The Medina Dam is a hollow-masonry type dam built in 1911 and 1912 by the Medina Irrigation Company in what became Mico, Texas, USA. Medina Lake extends north of it in northeastern Medina County and southeastern Bandera County. The dam and irrigation project was designed and financed by Dr. Frederick Stark Pearson, an American engineer, with extensive British financial backing. The construction took over 1500 men two years to build while working 24 hours a day. They were mostly skilled Mexican workers with experience building other dams for Pearson. They received two dollars for a day's work, which were good wages for the time. Pearson's Medina Irrigation Company (MICO) built a camp to house the workers and their families; the company town was first called MICO after its acronym. The community is now known as Mico, Texas.

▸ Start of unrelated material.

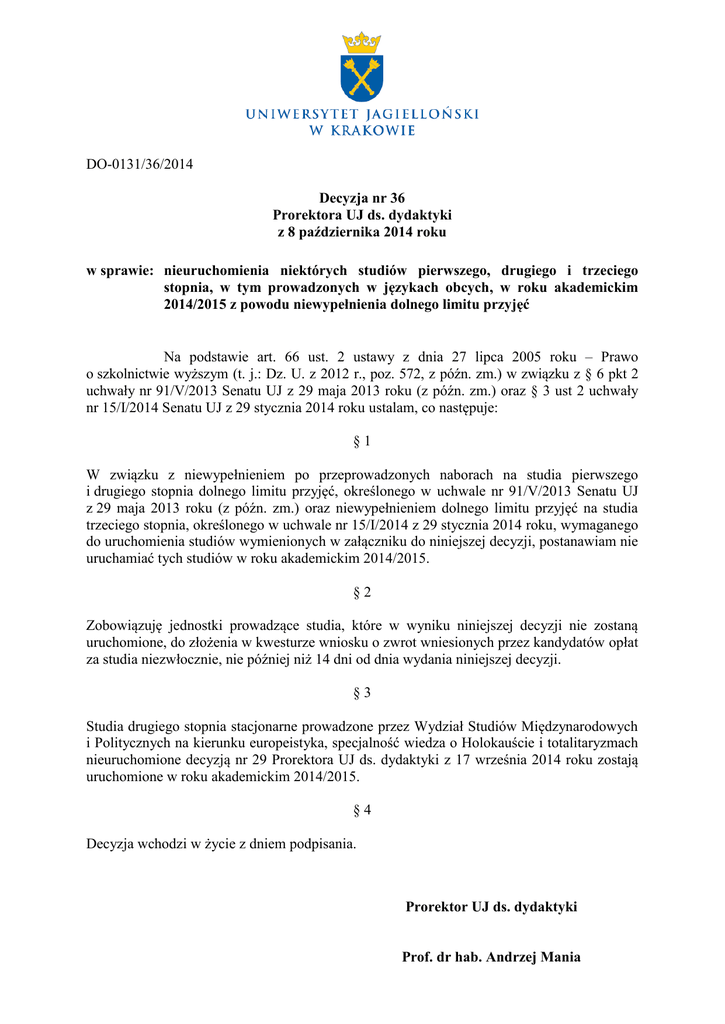 DO-0131/36/2014 Decyzja nr 36 Prorektora UJ ds. dydaktyki z 8 października 2014 roku w sprawie: nieuruchomienia niektórych studiów pierwszego, drugiego i trzeciego stopnia, w tym prowadzonych w językach obcych, w roku akademickim 2014/2015 z powodu niewypełnienia dolnego limitu przyjęć Na podstawie art. 66 ust. 2 ustawy z dnia 27 lipca 2005 roku – Prawo o szkolnictwie wyższym (t. j.: Dz. U. z 2012 r., poz. 572, z późn. zm.) w związku z § 6 pkt 2 uchwały nr 91/V/2013 Senatu UJ z 29 maja 2013 roku (z późn. zm.) oraz § 3 ust 2 uchwały nr 15/I/2014 Senatu UJ z 29 stycznia 2014 roku ustalam, co następuje: §1 W związku z niewypełnieniem po przeprowadzonych naborach na studia pierwszego i drugiego stopnia dolnego limitu przyjęć, określonego w uchwale nr 91/V/2013 Senatu UJ z 29 maja 2013 roku (z późn. zm.) oraz niewypełnieniem dolnego limitu przyjęć na studia trzeciego stopnia, określonego w uchwale nr 15/I/2014 z 29 stycznia 2014 roku, wymaganego do uruchomienia studiów wymienionych w załączniku do niniejszej decyzji, postanawiam nie uruchamiać tych studiów w roku akademickim 2014/2015. §2 Zobowiązuję jednostki prowadzące studia, które w wyniku niniejszej decyzji nie zostaną uruchomione, do złożenia w kwesturze wniosku o zwrot wniesionych przez kandydatów opłat za studia niezwłocznie, nie później niż 14 dni od dnia wydania niniejszej decyzji. §3 Studia drugiego stopnia stacjonarne prowadzone przez Wydział Studiów Międzynarodowych i Politycznych na kierunku europeistyka, specjalność wiedza o Holokauście i totalitaryzmach nieuruchomione decyzją nr 29 Prorektora UJ ds. dydaktyki z 17 września 2014 roku zostają uruchomione w roku akademickim 2014/2015. §4 Decyzja wchodzi w życie z dniem podpisania. Prorektor UJ ds. dydaktyki Prof. dr hab. Andrzej Mania Załącznik do decyzji nr 36 Prorektora UJ ds. dydaktyki z 8 października 2014 r. Niestacjonarne studia pierwszego stopnia prowadzone w języku polskim nieuruchomione w roku akademickim 2014/2015 Wydział Specjalność Kierunek Filologiczny neofilologia Nauk o Zdrowiu pielęgniarstwo (pomostowe) Studiów Międzynarodowych i Politycznych kulturoznawstwo Specjalizacja filologia w zakresie języka włoskiego kulturoznawstwo międzynarodowe Niestacjonarne studia drugiego stopnia prowadzone w języku polskim nieuruchomione w roku akademickim 2014/2015 Wydział Fizyki, Astronomii i Informatyki Stosowanej Studiów Międzynarodowych i Politycznych Studiów Międzynarodowych i Politycznych Specjalność Kierunek informatyka informatyka stosowana amerykanistyka Ameryka Północna Specjalizacja produkcja gier wideo relacje międzykulturowe Zarządzania i Komunikacji Społecznej zarządzanie zarządzanie w sektorze publicznym i pozarządowym Zarządzania i Komunikacji Społecznej zarządzanie zarządzanie w sporcie Stacjonarne studia drugiego stopnia prowadzone w języku obcym nieuruchomione w roku akademickim 2014/2015 Wydział Specjalność Kierunek Matematyki i Informatyki matematyka Polonistyki międzykierunkowe studia magisterskie z zakresu polonistyki, judaistyki i historii Studiów Międzynarodowych i Politycznych europeistyka Specjalizacja ogólna Unia Europejska/Rządy Prawa, przywództwo i demokracja Niestacjonarne studia trzeciego stopnia prowadzone w języku obcym nieuruchomione w roku akademickim 2014/2015 Wydział Polonistyki Dziedzina nauki humanistyczne Dyscyplina literaturoznawstwo Dodatkowa informacja studia niestacjonarne prowadzone w języku obcym Prorektor UJ ds. dydaktyki Prof. dr hab. Andrzej Mania
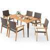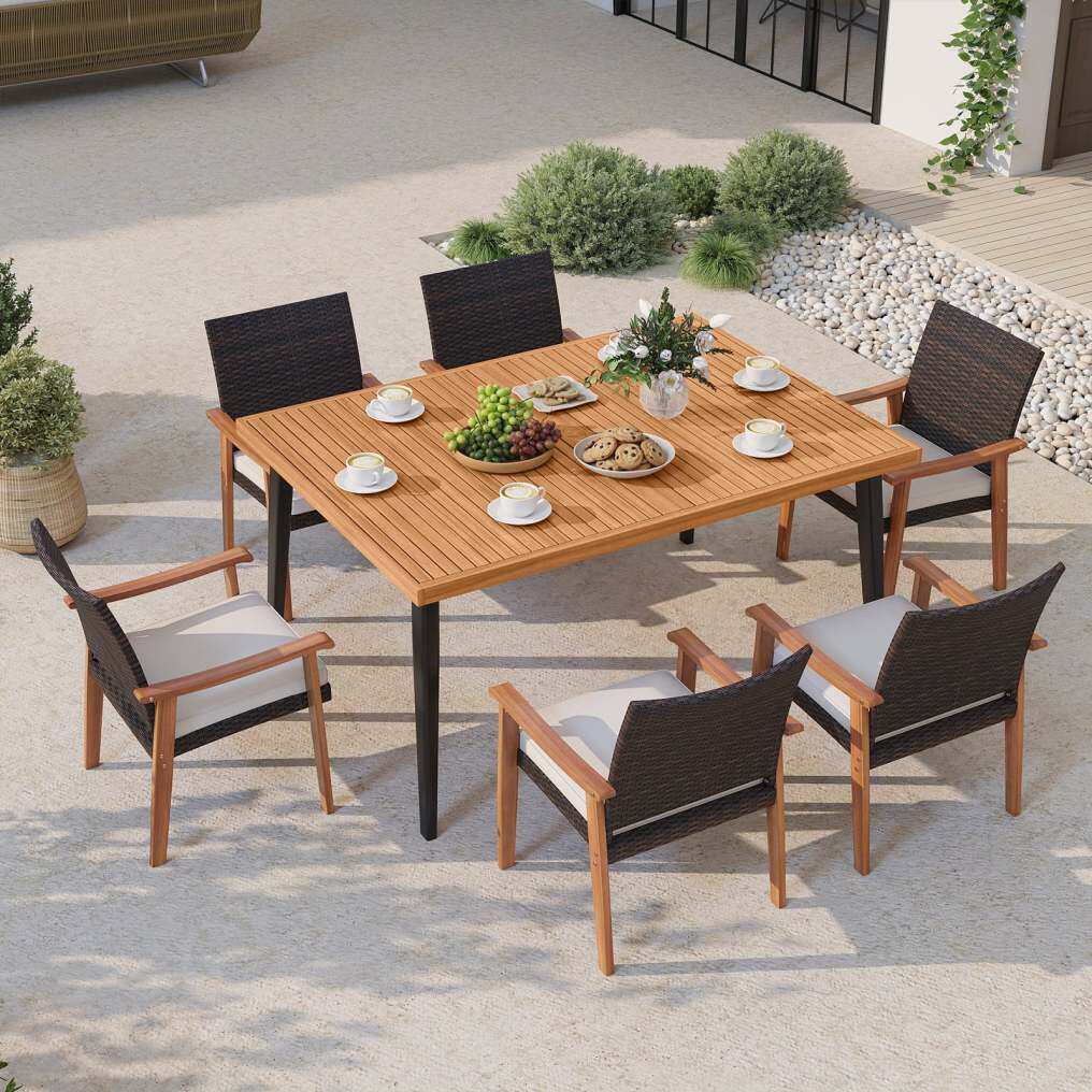 ● Versatile Dining Ensemble for 6: Featuring a spacious 63” x 32” x 29” (L x W x H) rectangular table and 6 armchairs, the outdoor dining set is ideal for accommodating up to 6 guests. It’s a great choice for family meals in the backyard or relaxed gatherings in the garden. For best durability, it’s advisable to protect the furniture from rain exposure.

When the dam was completed in 1913, it was the largest hydraulic engineering project west of the Mississippi River and the fourth-largest dam in the US. It is listed on the National Register of Historic Places for its significance as an infrastructure project and its contributions to economic development of the county. Author of Ripples from Medina Lake, Rev. Cyril M. Kuehne claims a total of 70 lives were taken during the dam's construction, however, he only managed to locate 27 death certificates. Dr. Oscar B. Taylor, dentist of near-by settlement Hondo, Texas, was quoted by Kuehne as saying "sixty-six [unmarked] graves" were counted at a cemetery 3 miles away.

The dam contains over 292,000 cubic yards (223,000 m³) of concrete and measures 164 feet high by 128 feet (39 m) wide at the base by 1,580 feet (482 m) long. It is 25 feet (8 m) wide at the top, which is 1076.2 feet (328 m) above sea level, and the spillway is 1,064.2 feet (324 m) above sea level. The dam provides irrigation to over 34,000 acres (138 km²) to Blackland Prairie farmlands below the Balcones Escarpment around Castroville, Texas, and also supplies water to the Medina River Ultrafiltration Water Treatment Plant owned and operated by the San Antonio Water System.

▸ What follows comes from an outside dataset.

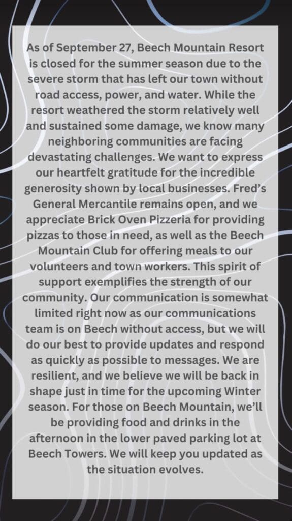 On Sunday, Beech Mountain Resort provided a statement regarding Helene. The North Carolina ski resort is dealing with some damage but held up “relatively well” overall.
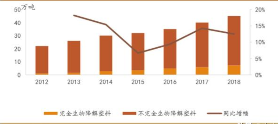 尽管如此,2012-2018 年我国生物降解塑料的需求量从22万吨增长至45万吨,年均复合增长12.7%,依旧处于快速增长。未来随着国内对于环保重视程度提高、《禁塑令》出台颁布,可降解材料的发展前景值得期待。

The reservoir behind the dam is called Medina Lake and is a major recreation area. It discharges into the Medina River, which also contains a diversion dam four miles downstream.

The dam was featured in the 1919 serial The Masked Rider.

Medina Dam was once a publicly accessible, one-lane roadway that connected to County Road 260. In 1980, vehicle traffic was closed and rerouted to a new road known as County Road 264; although temporary use of the dam as a road continued in 1990.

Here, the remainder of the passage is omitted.